Fabricating strong and tough aramid fibers by small addition of carbon nanotubes

• Published in: Nature communications Vol. 14; no. 1; p. 3019
• Main Authors: Luo, Jiajun, Wen, Yeye, Jia, Xiangzheng, Lei, Xudong, Gao, Zhenfei, Jian, Muqiang, Xiao, Zhihua, Li, Lanying, Zhang, Jiangwei, Li, Tao, Dong, Hongliang, Wu, Xianqian, Gao, Enlai, Jiao, Kun, Zhang, Jin
• Format: Journal Article
• Language: English
• Published: England Nature Publishing Group 25.05.2023; Nature Publishing Group UK; Nature Portfolio
• Subjects: Aramid fiber reinforced plastics; Carbon; Fibers; High strength; Localization; Mechanical properties; Modulus of elasticity; Nanotechnology; Nanotubes; Polymerization; Single wall carbon nanotubes; Strain localization; Stress transfer; Tensile strength; Toughness
• ISSN: 2041-1723; 2041-1723
• DOI: 10.1038/s41467-023-38701-4

Synthetic high-performance fibers present excellent mechanical properties and promising applications in the impact protection field.
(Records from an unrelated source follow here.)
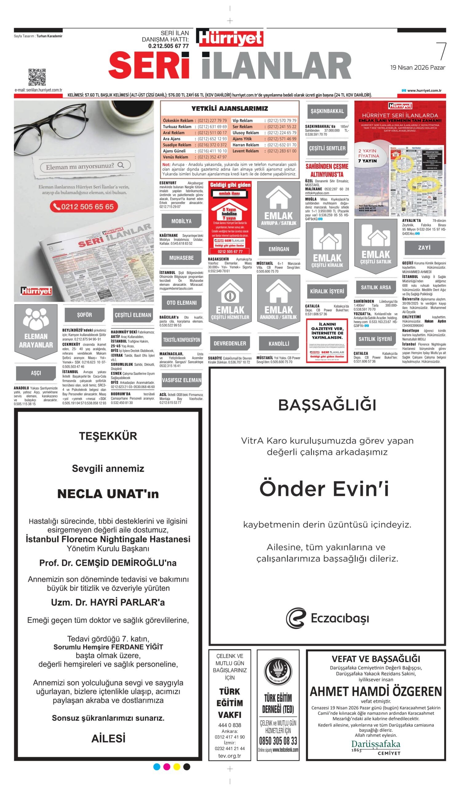 19 Nisan 2026 tarihli Hürriyet Gazetesi vefat, başsağlığı ve anma ilanları.
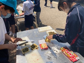 野外炊飯の様子です。
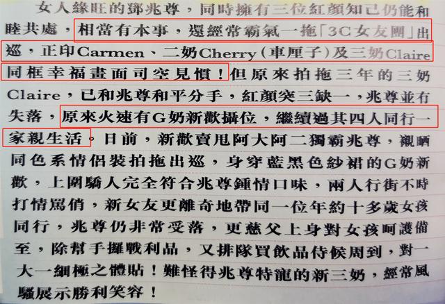 资产过亿的邓兆尊同时拥有三位红颜知己,且女友们能和睦相处,经常看到他一人带着三位女友出行,正宫Carmen、小三cherry和小四Claire和谐同框的画面也是司空见惯,不过日前邓兆尊与交往3年的小四和平分手,女友团突然三缺一,但是他也没失落,火速勾搭新欢补位,看来在处理“后宫”方面,邓兆尊是相当有本事。
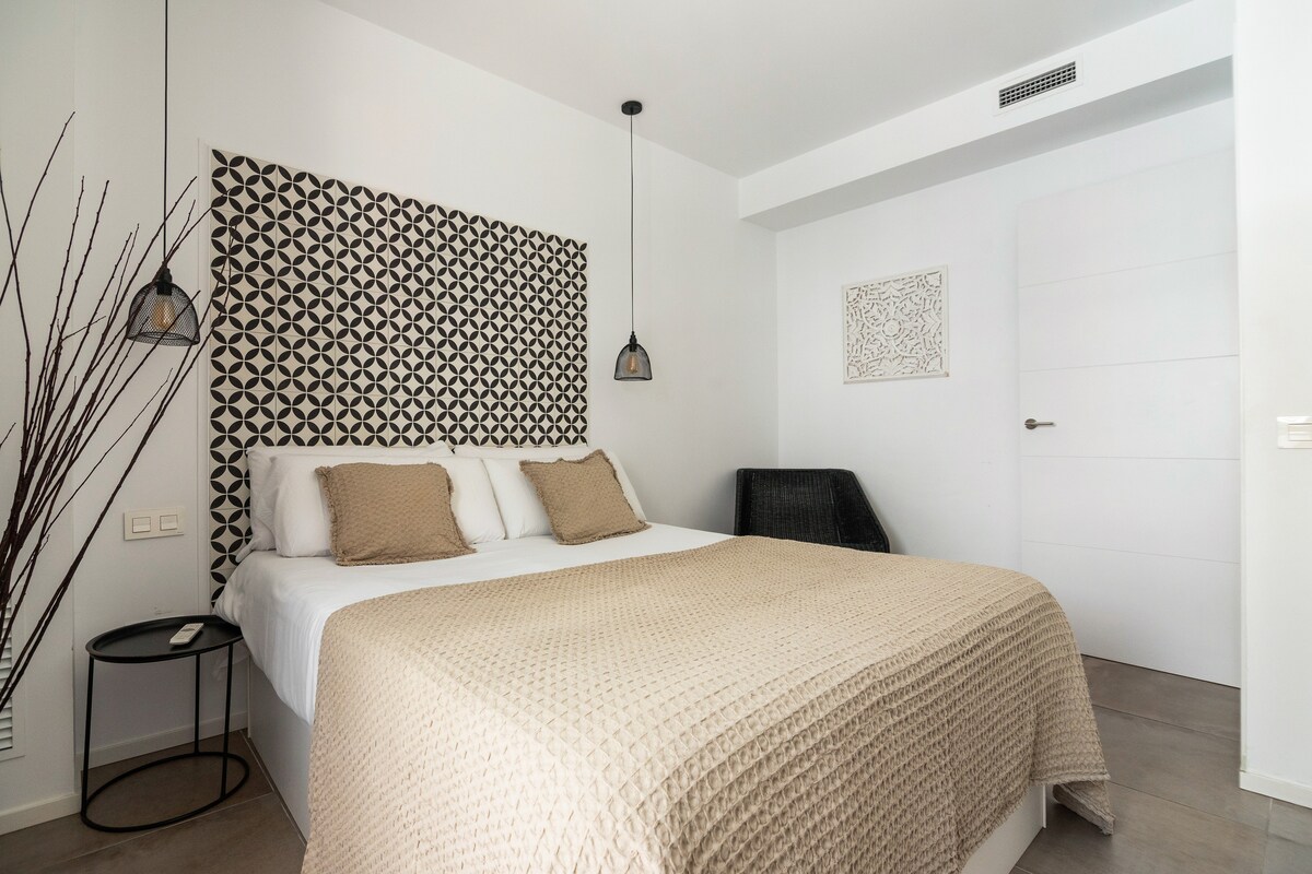 ¡Enamórate de nuevo en nuestro loft vista mar! Podrás ver el mar desde el balcón, mientras despiertas en tu cama o mientras te duchas. Decorado con esmero y con todo lo necesario para que solo os preocupéis el uno del otro. Bamblue Boutique Apartments se encuentra a 500m de la playa, con wifi de alta velocidad, smart TV con chromecast, aire acondicionado, lavavajillas,... Disfruta de tu balcón y las zones comunes: piscina, barbacoa, terraza, solarium,... Tenemos parking (€) bajo reserva previa.
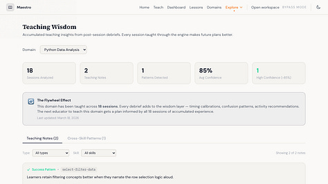 Pero esta vez no se diluyó. Pasó algo mejor: cada dominio nuevo fortalecía a los demás. Evaluar mejoraba las lecciones. Mejores lecciones producían mejores materiales. Y cada cosa nueva mejoraba el trabajo de las demás.

However, fabricating fibers with high strength and high toughness is challenging due to their intrinsic conflicts. Herein, we report a simultaneous improvement in strength, toughness, and modulus of heterocyclic aramid fibers by 26%, 66%, and 13%, respectively, via polymerizing a small amount (0.05 wt%) of short aminated single-walled carbon nanotubes (SWNTs), achieving a tensile strength of 6.44 ± 0.11 GPa, a toughness of 184.0 ± 11.4 MJ m , and a Young's modulus of 141.7 ± 4.0 GPa. Mechanism analyses reveal that short aminated SWNTs improve the crystallinity and orientation degree by affecting the structures of heterocyclic aramid chains around SWNTs, and in situ polymerization increases the interfacial interaction therein to promote stress transfer and suppress strain localization. These two effects account for the simultaneous improvement in strength and toughness.